Susah melanjutkan kata, mengapa perihal narasi saya di atas seakan jauh panggang
dari api kini? Tiada lain ujung-ujungnya memang berpulang kepada manusia, bukan
kepada alam terkembang yang dibiarkan terhampar, seakan disia-siakan. Kunci
menghidupnya, agar terhindar dari laku kufur nikmat, adalah keasadaran manusia,
kesadaran warga Sumbar untuk memberikan pelayanan, menyuguhkan sesuatu kepada tamu
- - padahal dalam budaya Minang, konon mereka sangat menghormati dan menghargai
tamu - - sehingga mereka memiliki kesan tersendiri.
URUSAN pariwisata, semua pihak paham, menghidupkan ekonomi. Tetapi kepahaman itu
tidak dimulai dari ranah perilaku manusia dan sikap melayani, sebagai motor
penggerak. Coba saja Anda mendarat di Bandara Internasional Minangkabau (BIM),
begitu ke luar urusan pertama akan menyaksikan taksi yang lusuh.

Jika Anda tak ingin menggunakan taksi lusuh, ada taksi carteran “liar”, berupa
Avanza atau Xenia. Untuk ke Bukittinggi, rate-nya Rp 240 ribu, diantar ke alamat.
Pengalaman saya, supirnya cukup ramah. Mobil juga wangi. Diperjalanan sang supir
menawarkan diri untuk menjemput kembali tiga hari kemudian dari Bukitinggi balik
ke bandara.

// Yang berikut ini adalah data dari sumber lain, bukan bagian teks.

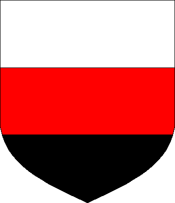 Coat of arms of the von Veilsdorf family.

Ia mengatakan tarif Rp 375 ribu, dengan berikut perjalanan ke Padang,
balik ke Bandara.

Di hari H, saya menghubungi, sang supir mengatakan, harga Rp 375 ribu, tidak
termasuk bensin. Untuk bensin harus menambah lagi Rp 150 ribu. Itu artinya Rp 525
ribu, sudah berubah angkanya. Saya tuliskan hal ini, bukan perkara mahal dan
murahnya, tetapi urusan komitmen yang berubah. Bila hal ini dirasakan oleh seorang
turis asing, kejengkelan ini dipastikan menjadi buah bibir, menjadi pengalaman
mencarter mobil di Sumbar.

Belum lagi ihwal kultur berbusana. Bila turis asing datang bercelana pendek,
berkaus lengan pendek, berbelahan dada rendah, sebagian masyarakat mengkritisi,
seakan daerahnya kemasukan najis. Bagaimana bila demikian keadaannya turis menjadi
betah? Jika mereka berjalan di tengah kota seakan menjadi pesakitan.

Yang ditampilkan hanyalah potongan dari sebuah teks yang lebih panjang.